You may also consider purchasing less clothes, and being more intentional about buying better quality pieces. You'll be doing your wallet, wardrobe, and earth a favor!
4. Stick with the essentials
If all else fails, remember one thing: spring cleaning is about making space. This requires you to let go of what you truly don't need. Lifehacker has great advice for keeping a "minimalist wardrobe." For women, recommended essential items include:
- A nice dress
- Two jackets
- Three skirts
- Three sweaters
- Two dark trousers
- Two jeans
- Three coats
- One white buttoned shirt
- A handful of t-shirts
Men may follow similar guidelines as well, incorporating a formal suit instead of a nice dress, for example, blazers instead of sweaters, and slacks instead of skirts. Of course, these are all suggestions and subject to your personal lifestyle and preference. The main idea is to recognize what your essential items are first, and let go of the unnecessary.
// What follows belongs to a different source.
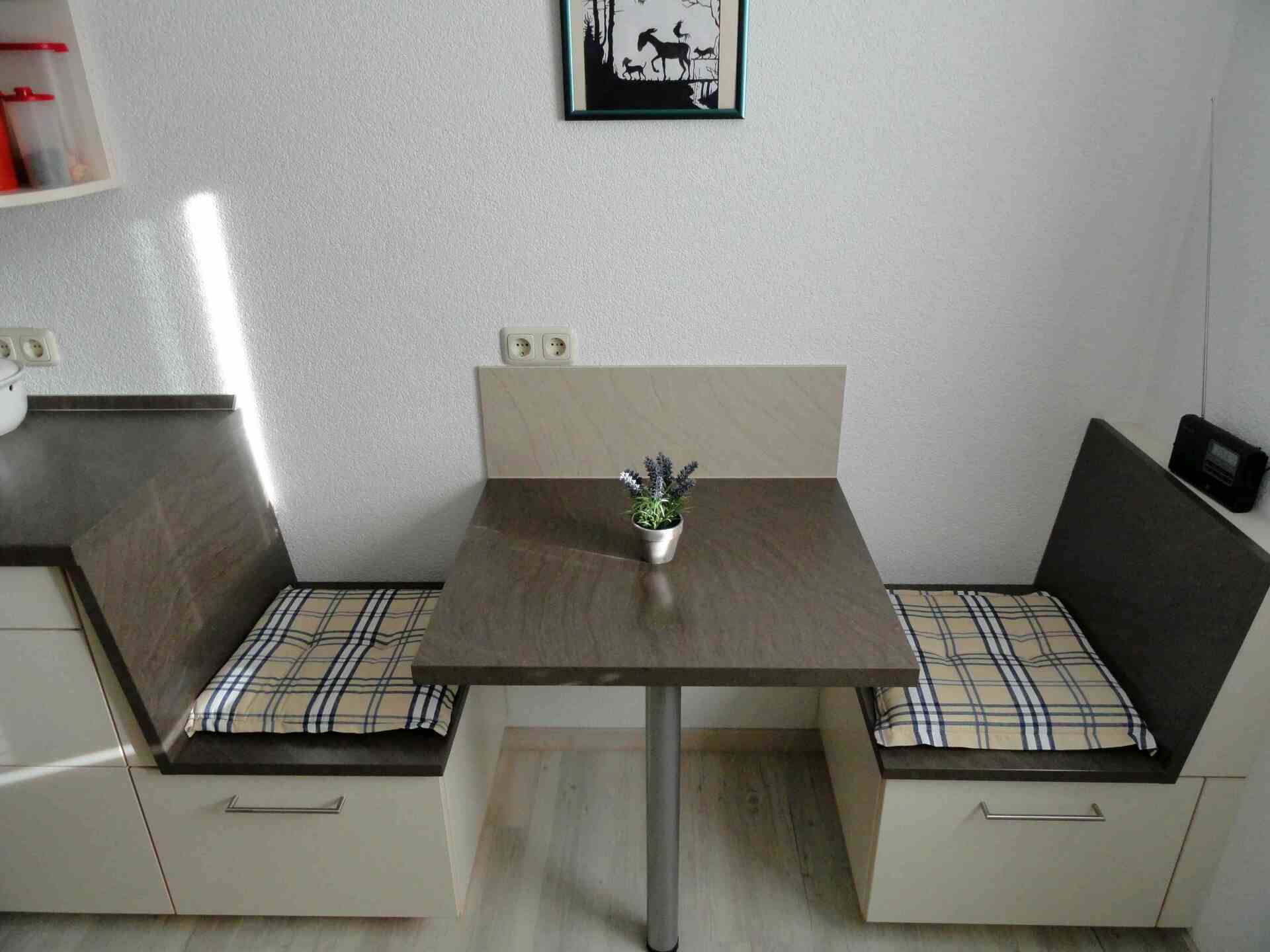 - Dekor Arbeitsplatte - farbgleich die Bänke für die Sitzecke

5. Use the "Two-Year Rule"
According to an article on Slate, one in four American women own seven pairs of jeans--but they only wear four of them regularly. So if you're having difficulty parting with certain clothing items, take comfort in knowing that you're not alone. As you go through your closet, it might be helpful to employ what Huffington Post calls the Two-Year Rule: if you haven't used it in two years, donate it.
The important thing here is to be honest with yourself. We like these general guidelines as well, adapted from Elle, on when to let go of a clothing piece:
- It's been a year and the clothing item still has the tag attached
- You can't think of at least three ways to style it
- It looks good on a hanger but doesn't fit you just right
6. Keep joy and get rid of the rest
Last November, the Palo Alto Pulse made a call for residents to "clean out their closets and do good." While Black Friday has long passed, the advice remains relevant, especially during this season of clearing. Simply put: when you decrease clutter, you increase joy.
As easy as it is to get sentimental with your clothes, challenge yourself to practice non-attachment and Marie Kondo's approach. Ask yourself: does this clothing item truly bring me joy? If the answer is no, then it's time to let go.
7. Organize, organize, organize
Now that you're left with the joy-filled essentials, you can now focus on organizing what remains. Fold your t-shirts right, so they don't get wrinkled. Choose a sorting technique (for example, by color, style, or season) that makes the most sense to you. Invest in organizational pieces from IKEA and/or The Container Store. Get inspired on Pinterest, then execute those ideas!
The main thing is to treat your clothes the way you want to be treated, with a little R-E-S-P-E-C-T. A little goes a long way.
8. Donate wisely
Likewise, treat not just your clothes, but the earth with respect. 12 million tons of unused textiles get sent to U.S. landfills each year, according to the Environmental Protection Agency. Do your research about where your clothes end up at the end of their life. Make smart choices about where you donate. Make an effort to NOT contribute to landfill waste, even if indirectly.
Sometimes we need to be reminded that spring is a season for new beginnings. This period of cleaning doesn't have to be viewed as a chore. Instead, view the season as an opportunity to make space for bigger and better things, materially and otherwise. By reframing the task in this way, you can achieve a lot more with less energy.
10. HAve fun!
Again, spring cleaning is all about perception. Spring cleaning can be a party if you want it to be; put on a playlist, recruit friends to help, enjoy a glass of wine. You might even consider hosting a clothing swap with close friends. The options are as vast as your creativity takes you.
At the end of the day, reward yourself with a coffee or sweet treat for a job well done. Even if no one else does, your closet (and the earth) will thank you for your hard work.
As the saying goes: “Use it up, wear it out, make it do, or do without.” When it comes to spring cleaning your closet, it really is that simple.